▶ TASK DIRECTIONS
The data below should be restated word for word, with every picture omitted.

▶ SUPPLIED INFORMATION
====
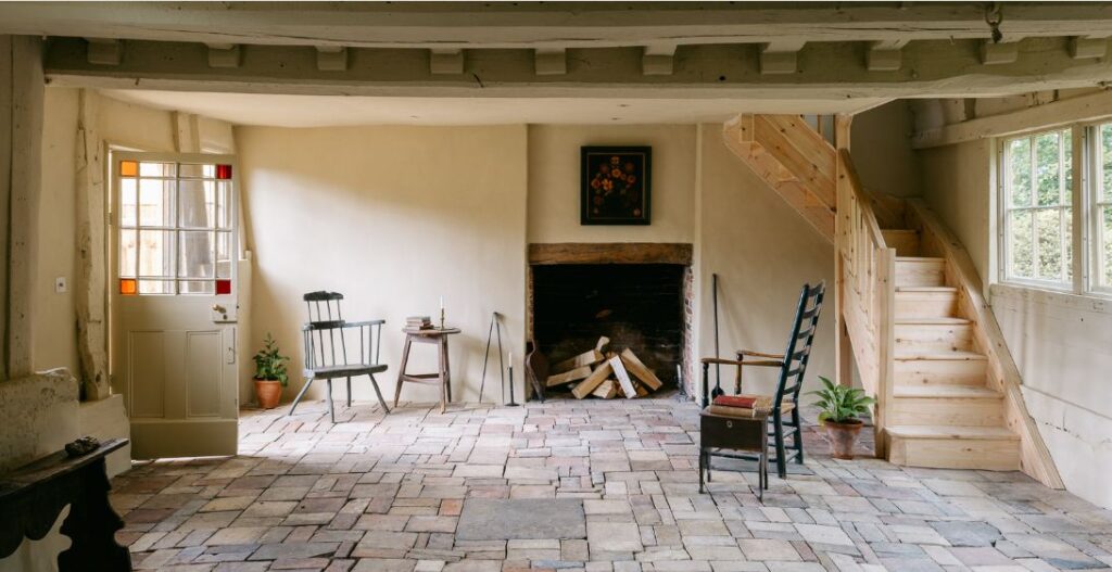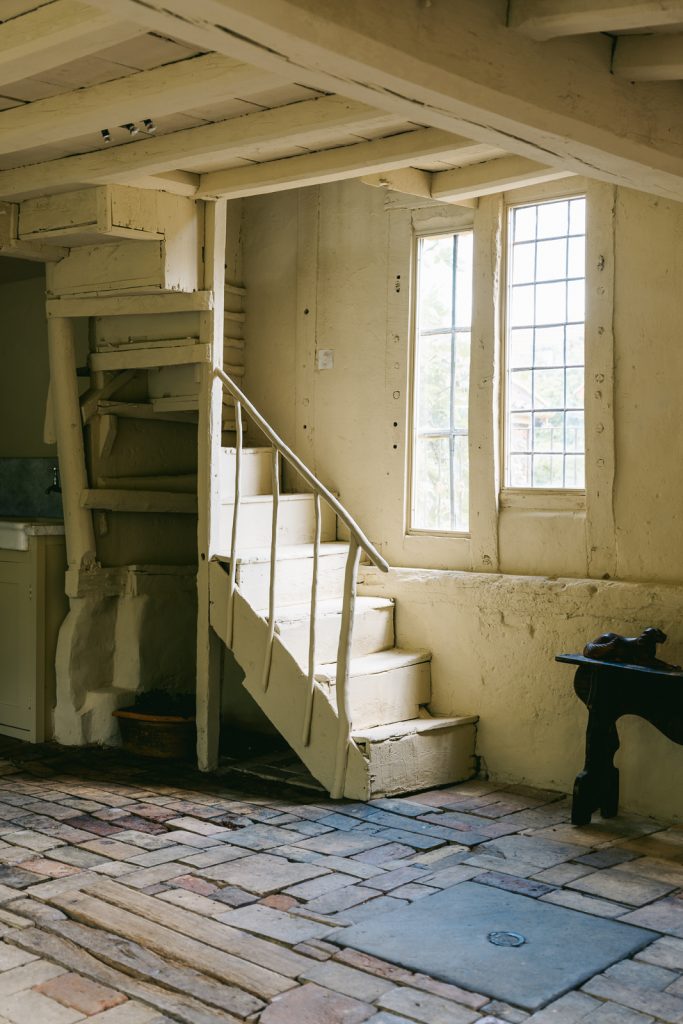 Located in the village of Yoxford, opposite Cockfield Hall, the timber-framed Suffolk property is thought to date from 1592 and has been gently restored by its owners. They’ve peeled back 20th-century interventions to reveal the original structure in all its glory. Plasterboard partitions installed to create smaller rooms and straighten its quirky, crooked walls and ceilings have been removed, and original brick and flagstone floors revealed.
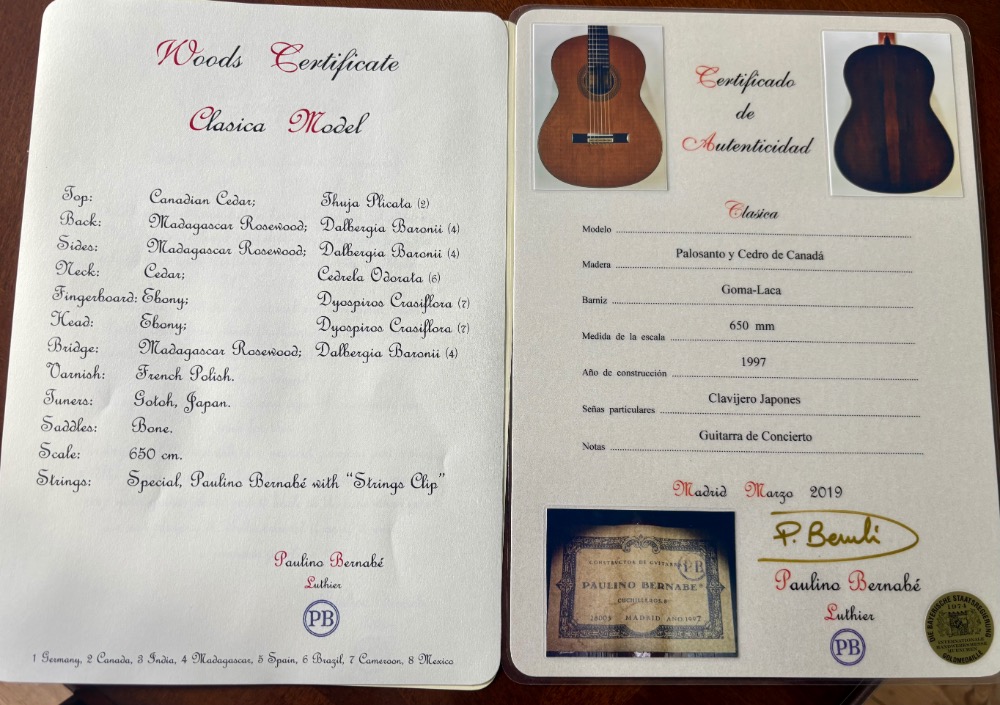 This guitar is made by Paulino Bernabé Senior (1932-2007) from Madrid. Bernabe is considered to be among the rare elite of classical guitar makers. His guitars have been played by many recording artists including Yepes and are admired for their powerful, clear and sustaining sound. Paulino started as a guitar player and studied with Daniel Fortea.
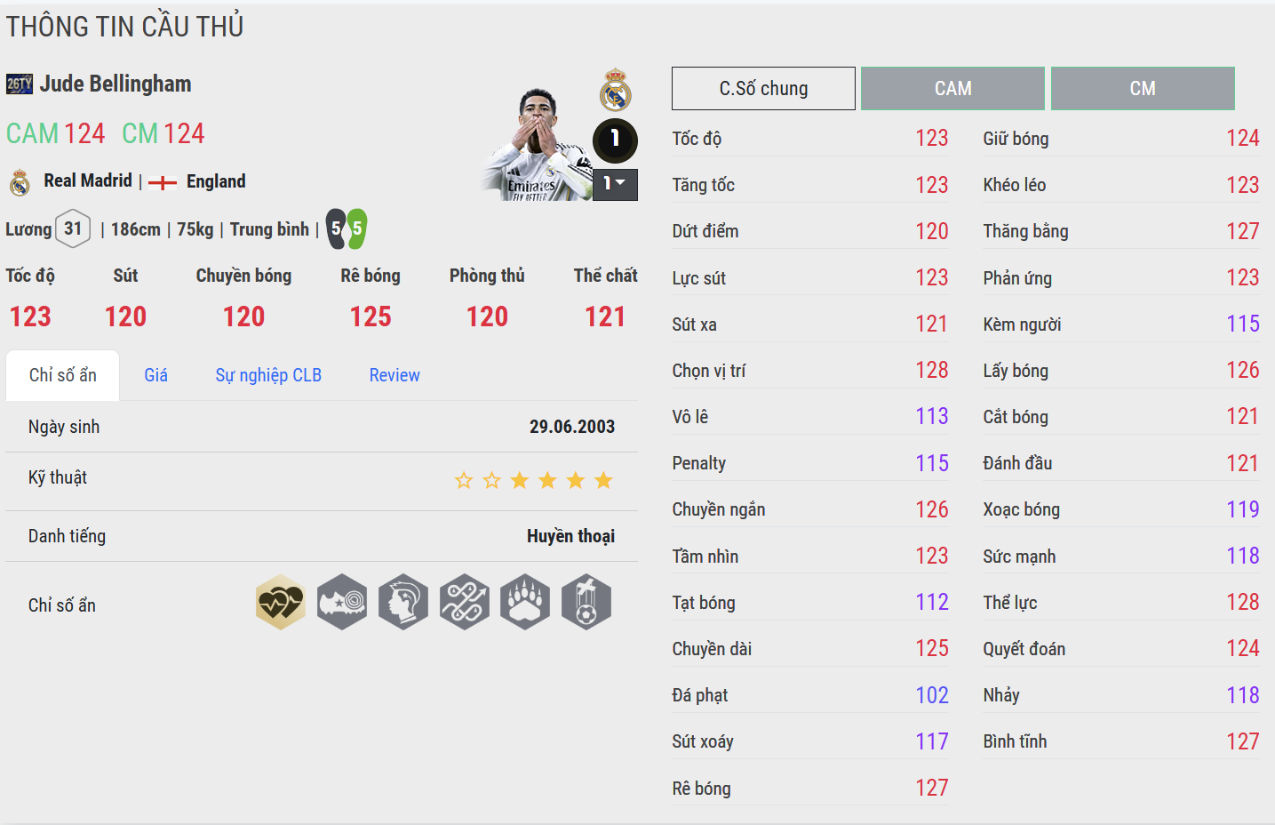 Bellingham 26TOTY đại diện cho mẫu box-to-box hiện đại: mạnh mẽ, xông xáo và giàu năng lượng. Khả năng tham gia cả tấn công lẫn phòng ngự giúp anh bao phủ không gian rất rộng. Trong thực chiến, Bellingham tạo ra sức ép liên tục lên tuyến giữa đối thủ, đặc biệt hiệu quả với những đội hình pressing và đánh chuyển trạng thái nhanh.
====
▶ SOLVED EXERCISE
 Located in the village of Yoxford, opposite Cockfield Hall, the timber-framed Suffolk property is thought to date from 1592 and has been gently restored by its owners. They’ve peeled back 20th-century interventions to reveal the original structure in all its glory. Plasterboard partitions installed to create smaller rooms and straighten its quirky, crooked walls and ceilings have been removed, and original brick and flagstone floors revealed.
 This guitar is made by Paulino Bernabé Senior (1932-2007) from Madrid. Bernabe is considered to be among the rare elite of classical guitar makers. His guitars have been played by many recording artists including Yepes and are admired for their powerful, clear and sustaining sound. Paulino started as a guitar player and studied with Daniel Fortea.
 Bellingham 26TOTY đại diện cho mẫu box-to-box hiện đại: mạnh mẽ, xông xáo và giàu năng lượng. Khả năng tham gia cả tấn công lẫn phòng ngự giúp anh bao phủ không gian rất rộng. Trong thực chiến, Bellingham tạo ra sức ép liên tục lên tuyến giữa đối thủ, đặc biệt hiệu quả với những đội hình pressing và đánh chuyển trạng thái nhanh.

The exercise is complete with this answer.